Stagg lived under suspicion until new suspect was charged - News - Evening Standard
       

Stagg lived under suspicion until new suspect was charged

The murder of Rachel Nickell was so brutal and bloody - she was stabbed 49 times in front of her then two-year-old son Alex - that 16 years on it remains one of the most horrifying attacks committed in London.

It was a sunny morning on 15July1992 and Ms Nickell, 23, had driven from her home in Balham to Wimbledon Common with her son to take the family dog Molly for a walk.

But at a secluded spot and in broad daylight she was violently attacked. Alex looked on as his mother was sexually assaulted, stabbed and had her throat slit. When her body was discovered by a passer-by, Alex was found clinging to her pleading: "Get up mummy."

The toddler had even placed a piece of paper on her forehead in an attempt to heal her wounds, using it as a makeshift plaster. Police at the time thought the paper highly significant, possibly placed there by the killer in a sign of a ritualistic killing.

The hunt for Ms Nickell's killer prompted one of Scotland Yard's largest manhunts. In all, 32 men were arrested and 548 suspects ruled out as broadcasters endlessly showed a home video of Ms Nickell waving her partner Andre Hanscombe off to work on the morning of the day she died.

With pressure on detectives to catch the killer, attention quickly turned to an obvious suspect - Colin Stagg, a loner who lived close by in a council flat near the common.

A police search of his flat found walls painted black, a sheath knife, books on the occult and pictures of nude women. Police were convinced they had their man but had no evidence to prove it. Using a female undercover detective, they decided to set up a "honey-trap" operation - when a suspect is lured into an admission of guilt - in an attempt to extract a confession out of Mr Stagg.

Using the false name "Lizzie James", the detective and Mr Stagg exchanged a series of increasingly sexually charged letters to tempt him into an admission. But while he was encouraged to fantasise about sex, he crucially never admitted to murdering Ms Nickell.

Nevertheless, Mr Stagg was charged with the murder. But when the case came to court in 1994 it collapsed, exposing the Met and their tactics. Mr Justice Ognall, who threw out the "Lizzie James" testimony and with it the murder charge, accused police of "deceptive conduct of the grossest kind".
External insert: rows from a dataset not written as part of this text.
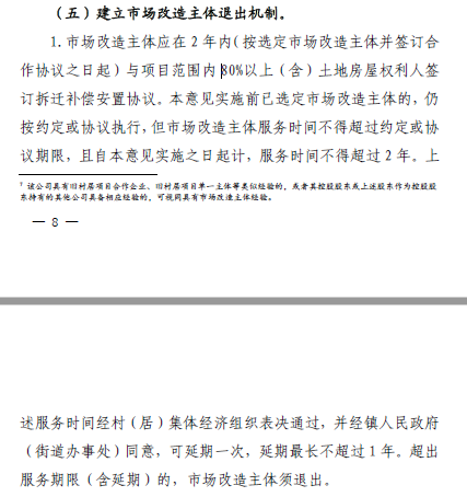 3、新政明確了市場改造主體的退出機制,建議:(1)嚴格按照政策要求期限,制定相關工作計劃;(2)項目拓展過程中,將該兩年內與項目范圍內80%以上土地權利人簽訂拆遷補償安置協議作為重大事項與合作方或平臺方進行溝通,將該事項的完成作為主要的服務費支付基礎或合作基礎,嚴格設置完成期限并設置相應的違約處理機制。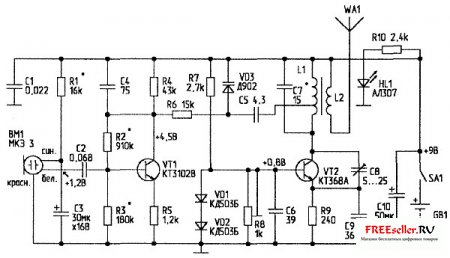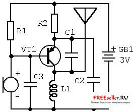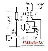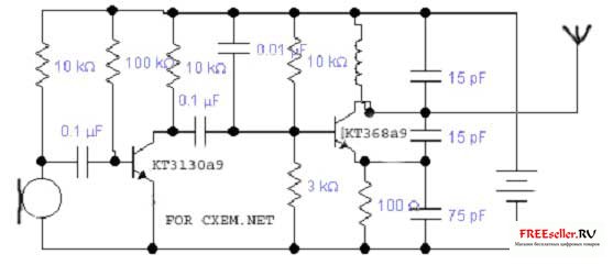 Антенна - кусок провода, длиной 40 см. Микрофон от китайского магнитофона, или вообще любой китайский.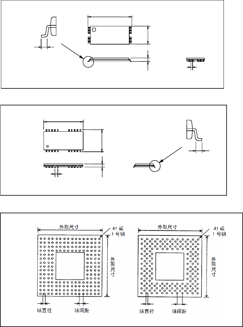 附录 A-5 · TSOP-1 引脚长度 外形尺寸 纵 外形尺寸 横 引脚间距 元件高度 + · TSOP-2 引脚长度 外形尺寸 纵 外形尺寸 横 引脚间距 元件高度 + · BGA 、 FBGA( 仰视图 ) 一般配置型 交错配置 型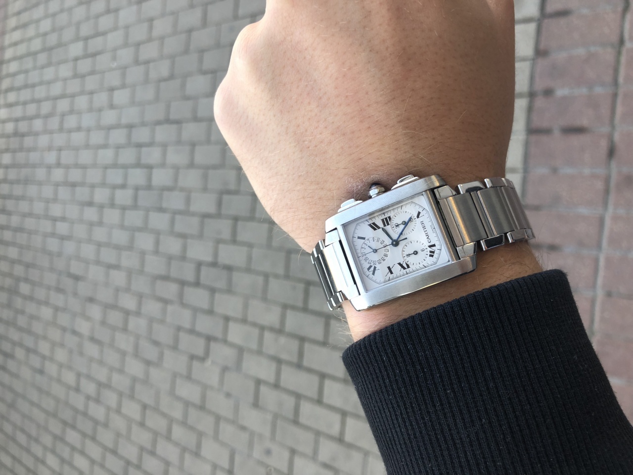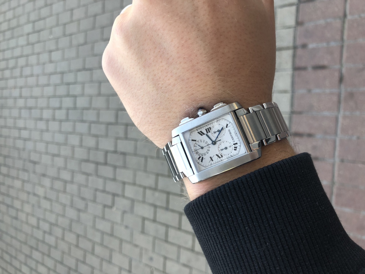 Прекрасный костюмный Cartier! Браслет достаточно длинный ! Стекло без сколов и царапин! Шикарный размер! В живую действительно не маленькие часы! Все функции исправны!
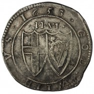 1653 GOD WITH US. Joined shields of St. George and Ireland with value mark II VI above.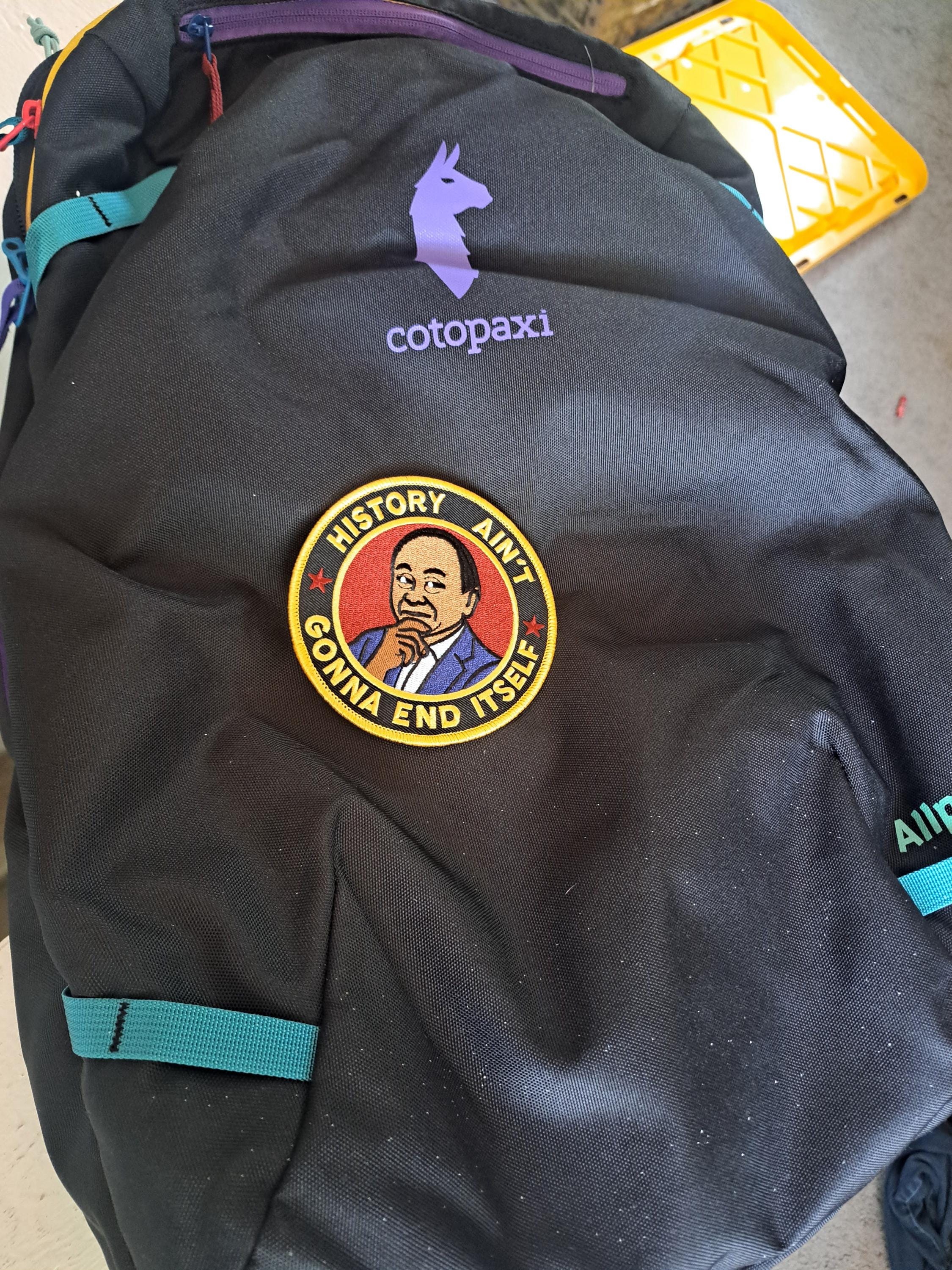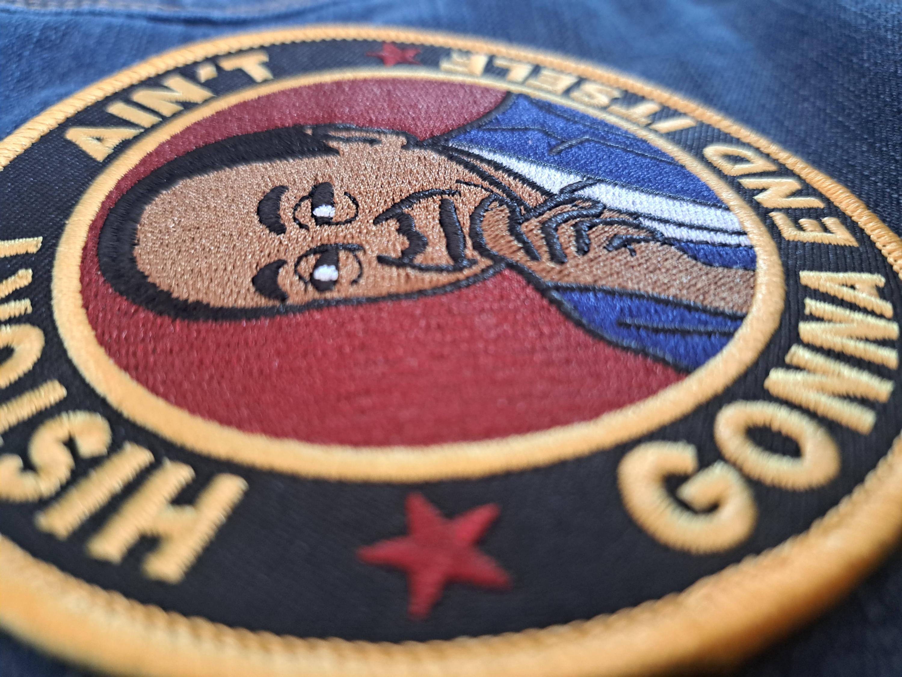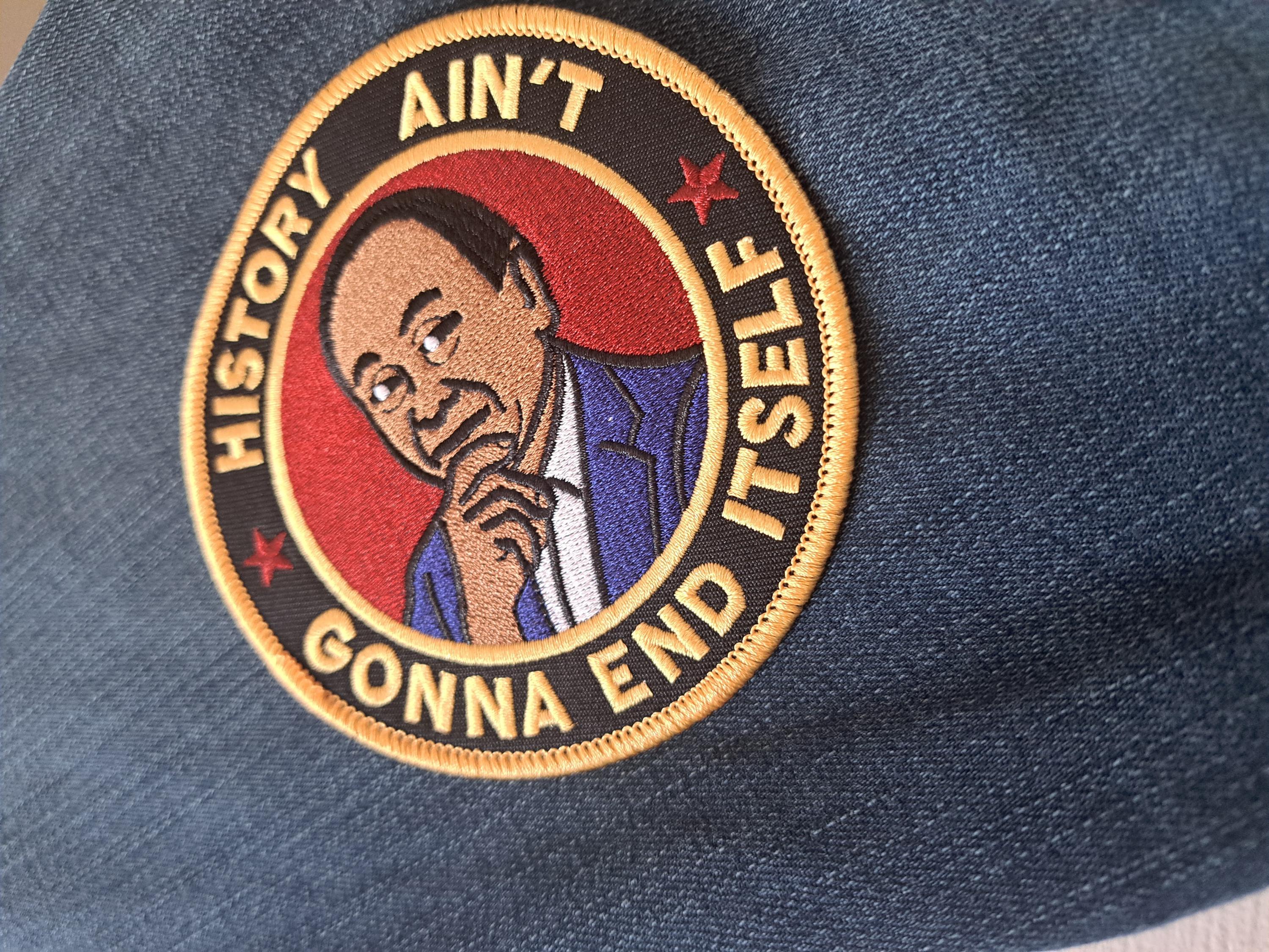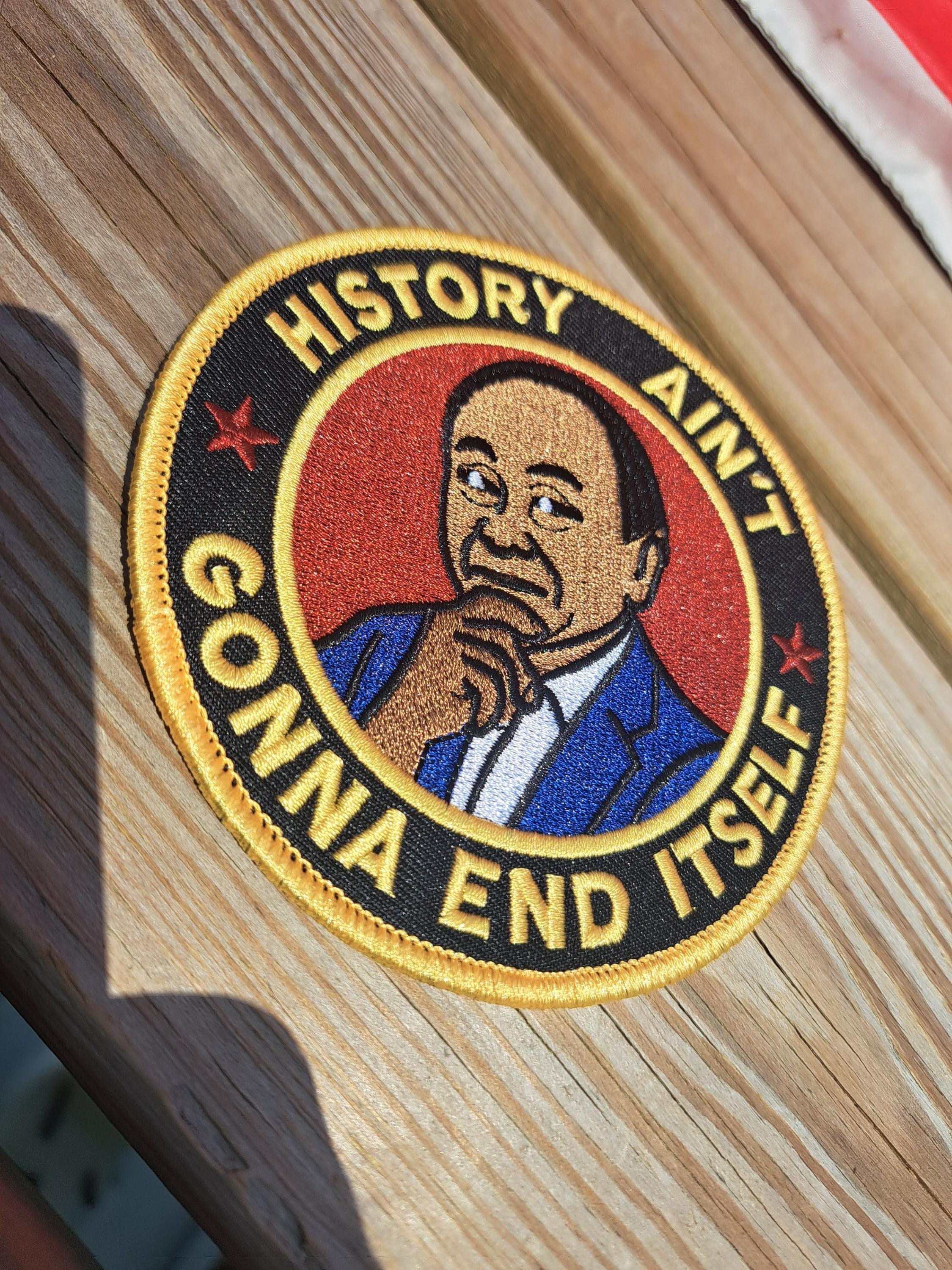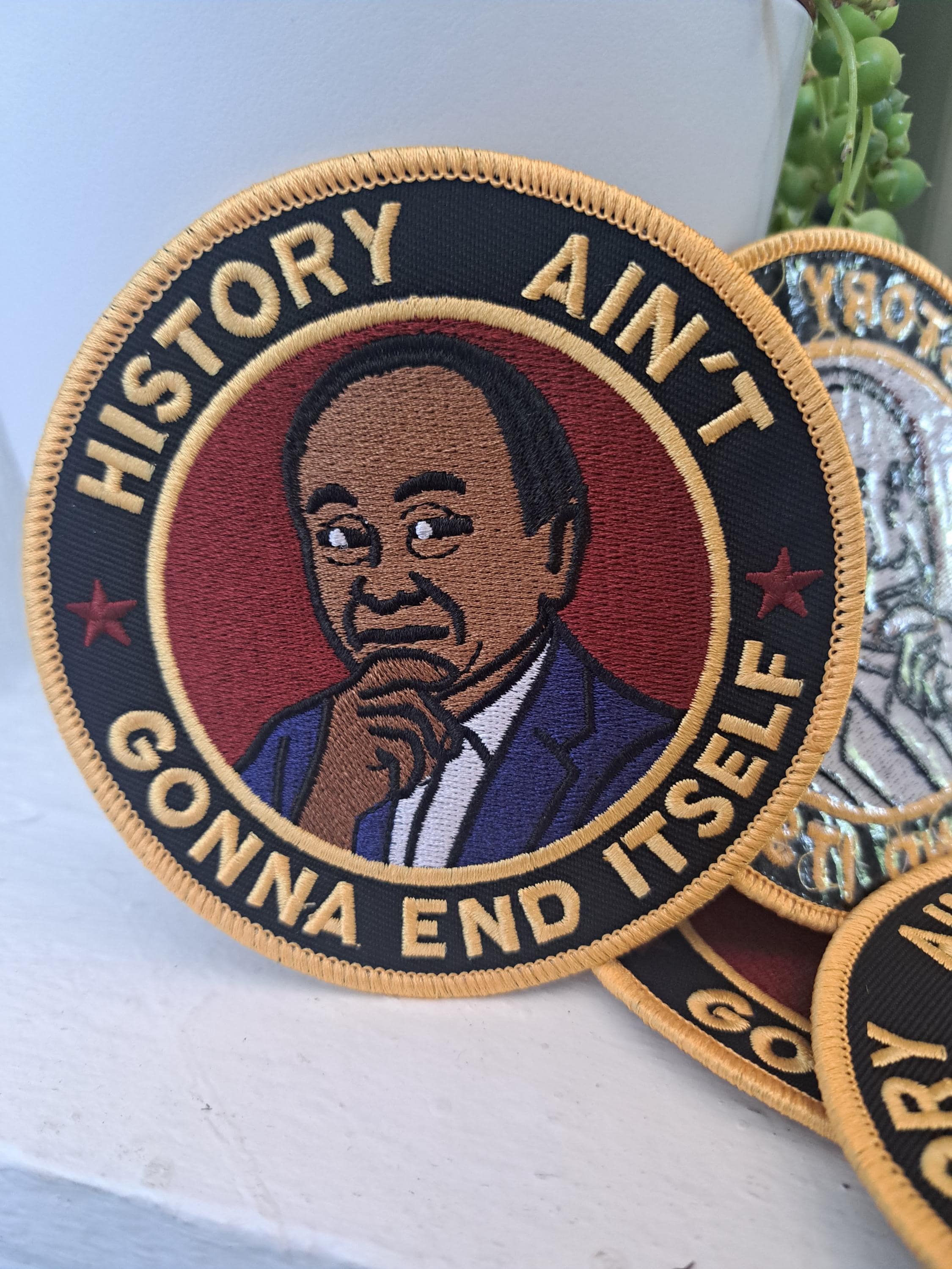 This 4-inch circular embroidered morale patch features a familiar, contemplative figure at its center, set against a bold red. The surrounding black ring carries the rallying cry in yellow: "HISTORY AIN'T GONNA END ITSELF," flanked by classic red stars.

Despite his acquittal, the cloud of suspicion remained over Mr Stagg - not least because police had no other suspects - for several years until 2006 when new evidence led police to Robert Napper, who was charged with the murder last year and awaits trial in November.

Mr Stagg, who still lives in the same council flat in Roehampton, is trying to get on with rebuilding his life. His wrongful arrest and detention have taken their toll. In an interview last year with the Evening Standard, he told how he still monitors all callers to his flat with CCTV and how he had lost 14 years of his life. He talked of wanting to start a landscape gardening business and settle down with his new girlfriend.

Ms Nickell's partner has also struggled. After the murder, Mr Hanscombe moved with Alex to France, bringing his son up in a village overlooking the Mediterranean. Alex is 18 now but it has been reported that he has grown increasingly bitter about being deprived of his mother and what he describes as a "normal" family. In MrHanscombe's words he became a "brooding, moody teenager".

Mr Stagg's compensation deal will go some small way to making up for the years he lost as a suspect in the notorious killing; Alex, however, will never get over his mother's death.